= Aim of the task =
Apart from the pictures, reproduce the data below exactly as it stands.

··· Information provided ···

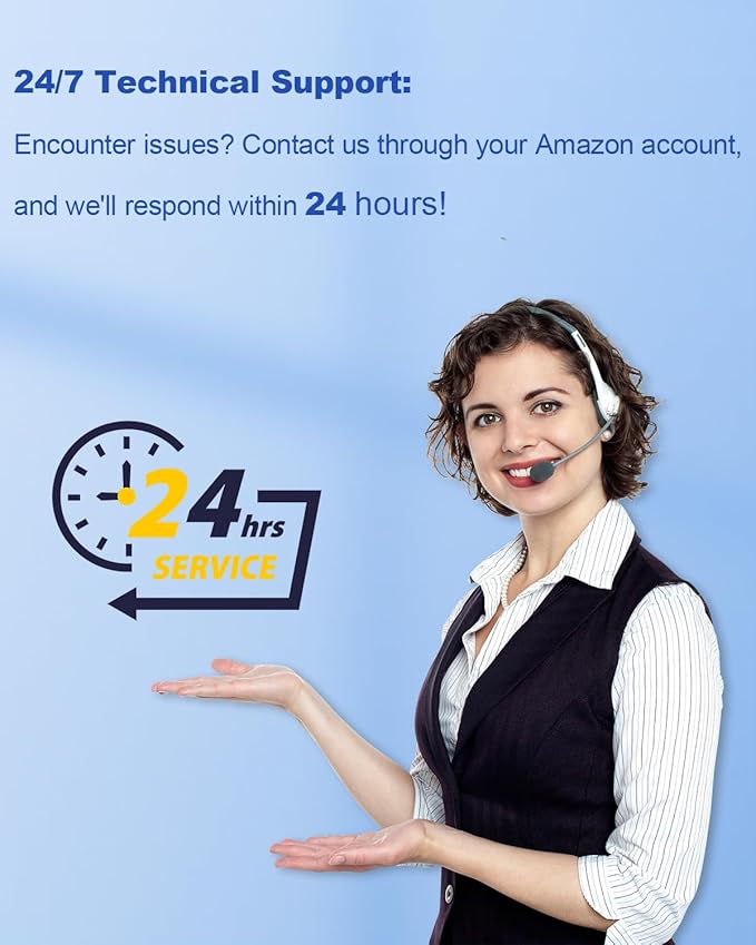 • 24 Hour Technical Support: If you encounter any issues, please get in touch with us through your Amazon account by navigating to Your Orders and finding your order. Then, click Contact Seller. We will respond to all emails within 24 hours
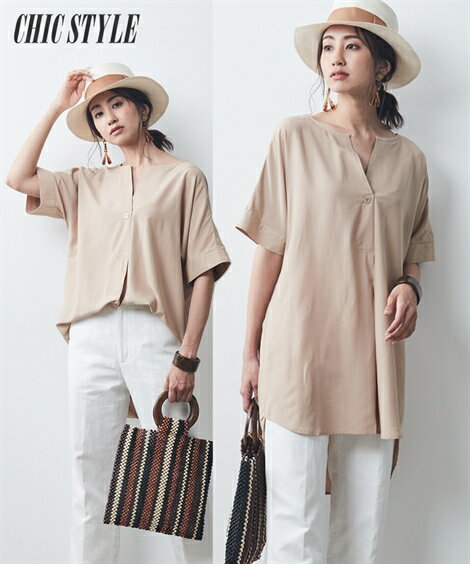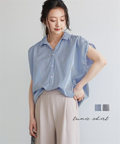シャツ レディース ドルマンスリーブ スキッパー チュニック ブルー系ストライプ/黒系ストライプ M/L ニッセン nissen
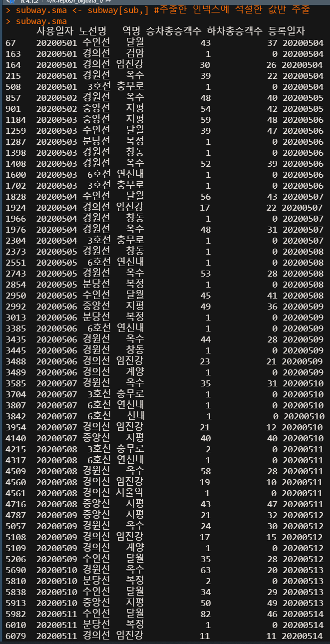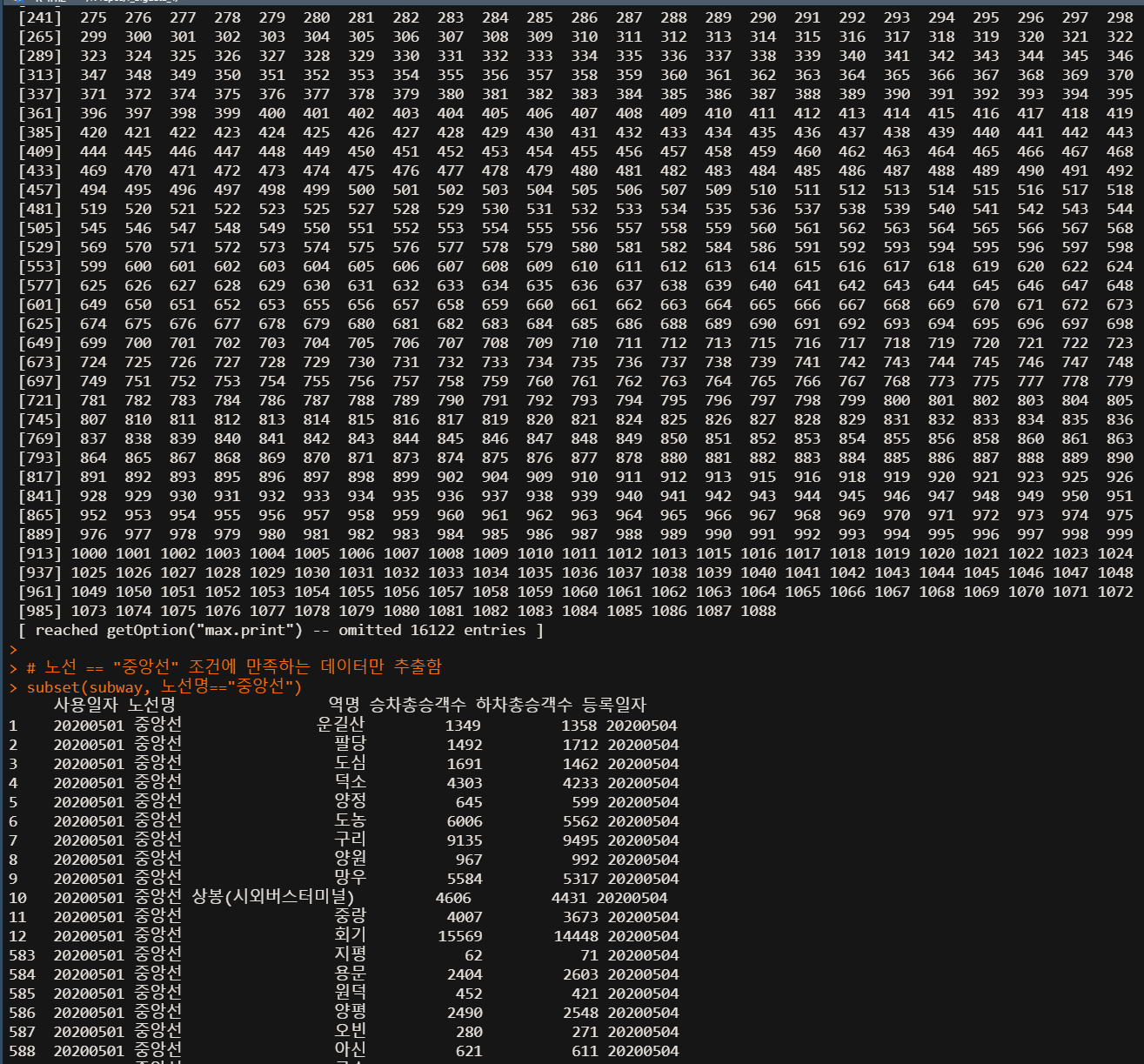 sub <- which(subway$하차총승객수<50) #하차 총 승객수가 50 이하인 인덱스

···

= Problem solution =
 • 24 Hour Technical Support: If you encounter any issues, please get in touch with us through your Amazon account by navigating to Your Orders and finding your order. Then, click Contact Seller. We will respond to all emails within 24 hours
シャツ レディース ドルマンスリーブ スキッパー チュニック ブルー系ストライプ/黒系ストライプ M/L ニッセン nissen
 sub <- which(subway$하차총승객수<50) #하차 총 승객수가 50 이하인 인덱스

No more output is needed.